*** Input data ***

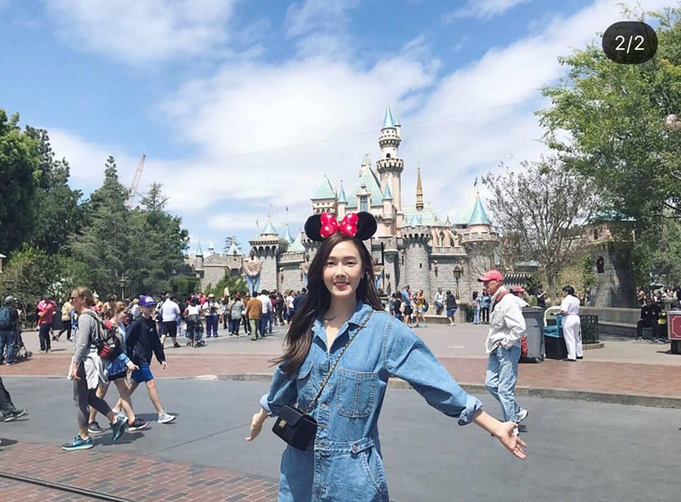 Trong khi đó, Jessica nhí nhảnh cùng chiếc bờm tai mickey kết hợp cùng jumpsuit chất liệu denim.
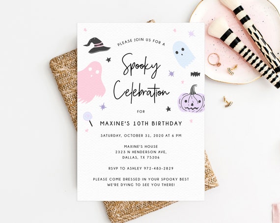 Dont worry all you have to do is select a halloween party invitation template from canva load it in the dashboard and customize it to your heart and spirits desire. Create a genuinely creepy halloween invitation card with scary images fearsome fonts clashing colors or a spiderweb border. Halloween is coming and we are so excited. Halloween birthday invitations templates you just have to choose the model you like the most remember that all our birthday party invitations templates are editable.
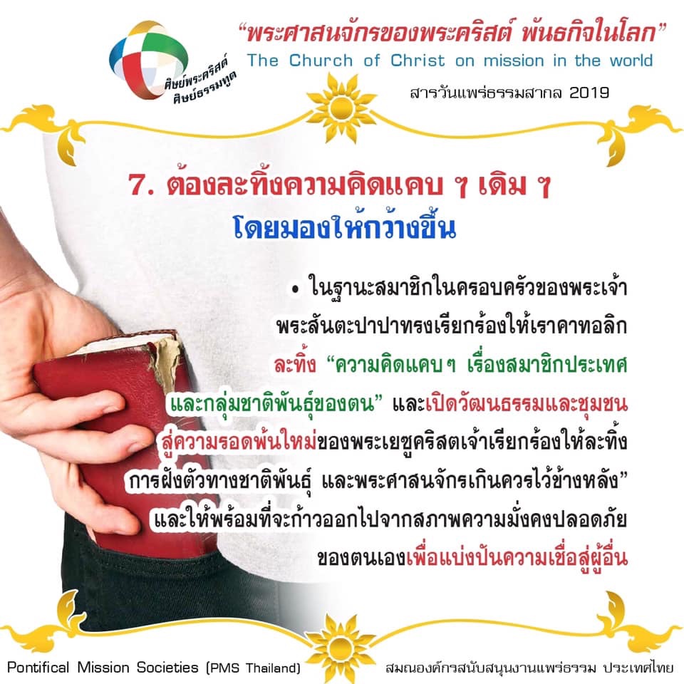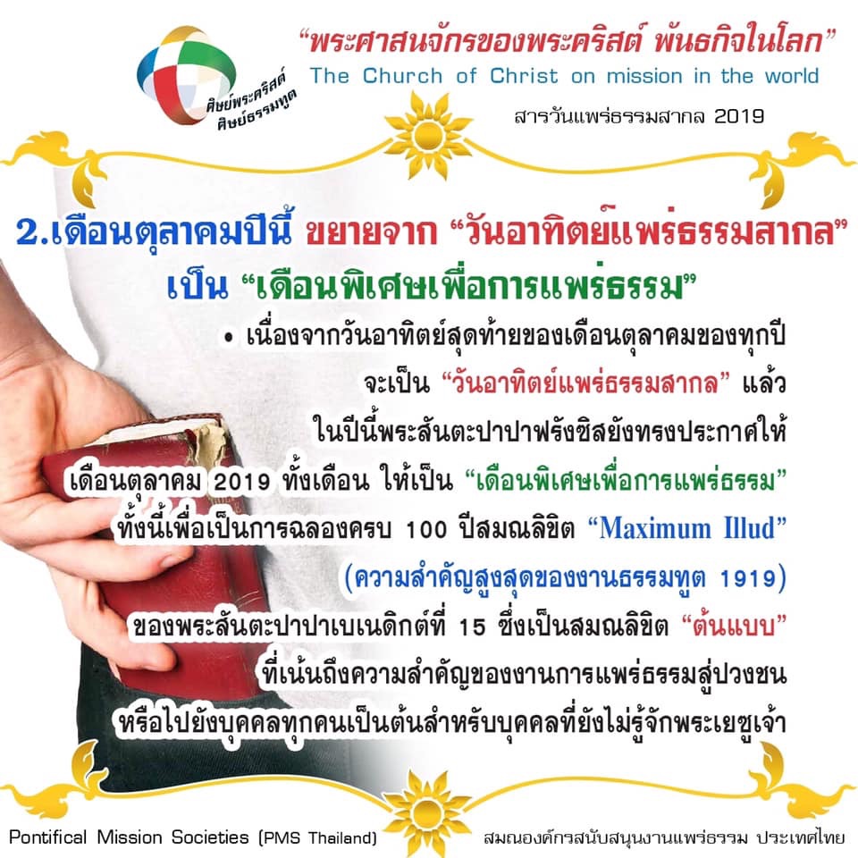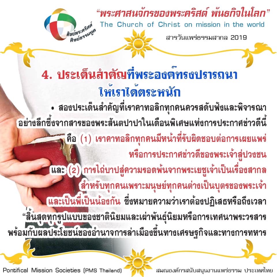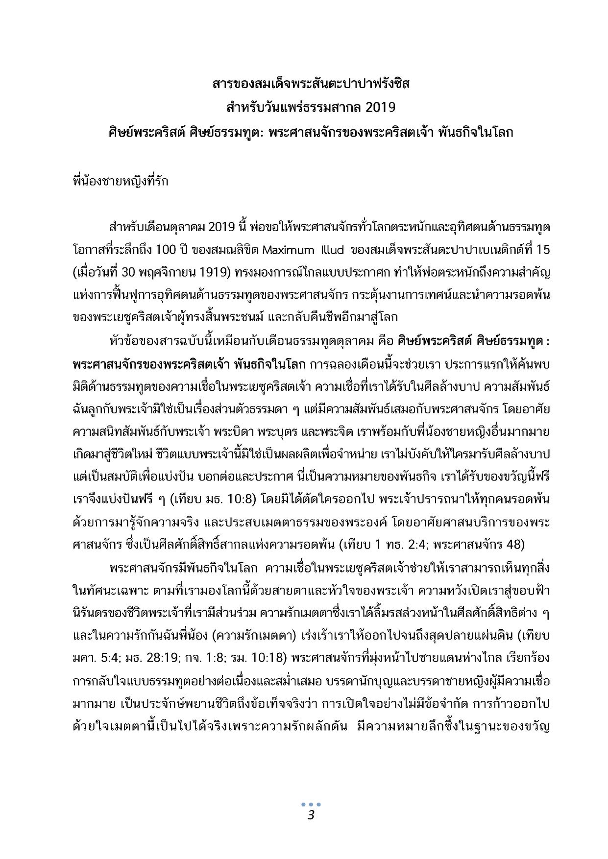 สารวันแพร่ธรรมสากล2019 “พระศาสนจักรของพระคริสต์พันธกิจในโลก”

*** End of Input data ***

## Your objective
What's needed is every line above, retyped exactly and free of pictures.

## Answer to this task
 Trong khi đó, Jessica nhí nhảnh cùng chiếc bờm tai mickey kết hợp cùng jumpsuit chất liệu denim.
 Dont worry all you have to do is select a halloween party invitation template from canva load it in the dashboard and customize it to your heart and spirits desire. Create a genuinely creepy halloween invitation card with scary images fearsome fonts clashing colors or a spiderweb border. Halloween is coming and we are so excited. Halloween birthday invitations templates you just have to choose the model you like the most remember that all our birthday party invitations templates are editable.
 สารวันแพร่ธรรมสากล2019 “พระศาสนจักรของพระคริสต์พันธกิจในโลก”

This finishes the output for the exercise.